Sorry for the LONG post, just sharing what happened to me with it.


----------



## ErinsEdge (Feb 14, 2003)

Obabikon said:


> Thanks, Erin. Could you clarify this statement a bit for me?
> 
> Do you mean that my dog likely contracted blasto in the first place because he had a comprimised immune system?
> *That is the usual reason for contracting Blasto if that* *immune-mediated polyarthritis diagnosis was correct he already had immunity problems. You wouldn't know for sure unless you had done a chest x-rays before during the diagnosis process. *
> ...


Blasto is a very difficult diagnosis and has different presentations. If you are in a hot bed for it you must be vigilant and so must your vet. Chest x-ray, bronchials washings and now there is a test I saw on another board called the AGID Blasto test which I am not familiar with but was termed by the lab owner the Gold Standard. Do some reading and I think you will find out the weather (wet or dry) makes a difference in the incidence of Blasto in a particular year. Some dogs will hunt the same area and never get sick but others do. It's a devastating disease and diagnosis. One of my clients was in northern Indiana and his dog got some cuts on her feet hunting a particular area. Within a few days she was sick, then got better after going to the ER, and then her leg basically started coming out of the skin and they PTS. They felt she had cutaneous blasto. It can also be in the eyes. Afterwards he noted that he had heard of several friends losing dogs in the same area so he won't hunt it anymore.

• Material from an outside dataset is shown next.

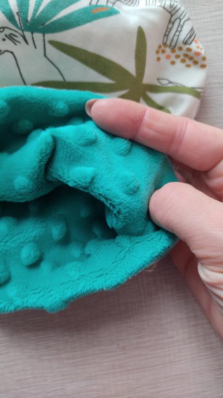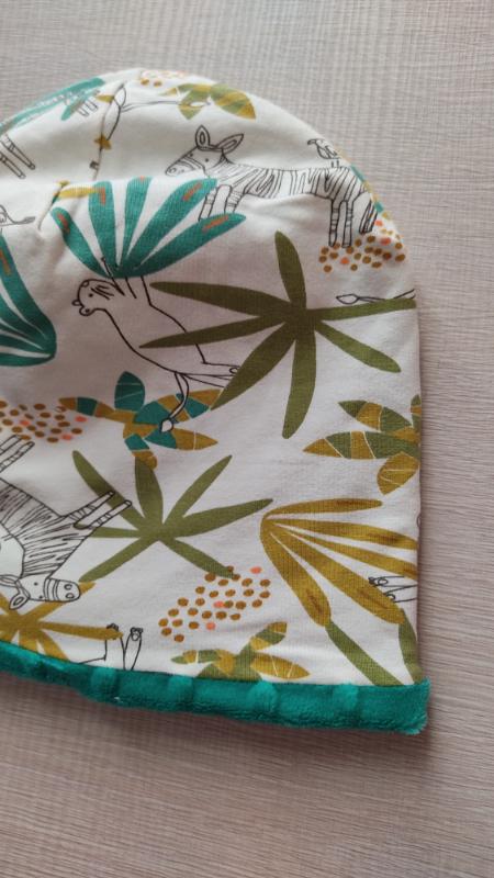 Questo berrettino è realizzato in morbido jersey e minky pile, perfetto per proteggere il vostro bimbo durante i mesi più freddi dell’anno.

Here is an explanation: You won't get it from the dog except from a cut.







*Discussion: *Blastomycosis is a systemic mycotic disease caused by the dimorphic fungus _Blastomyces dermatitidis_. The disease primarily affects dogs and humans, but has been reported in cats, horses, sea lions, lions, wolves, ferrets and polar bears. Young, male, large breed dogs (especially sporting breeds and hounds) living near water are at an increased risk. It is generally restricted to the Mississippi River and OhioRiver basins and the central Atlantic states.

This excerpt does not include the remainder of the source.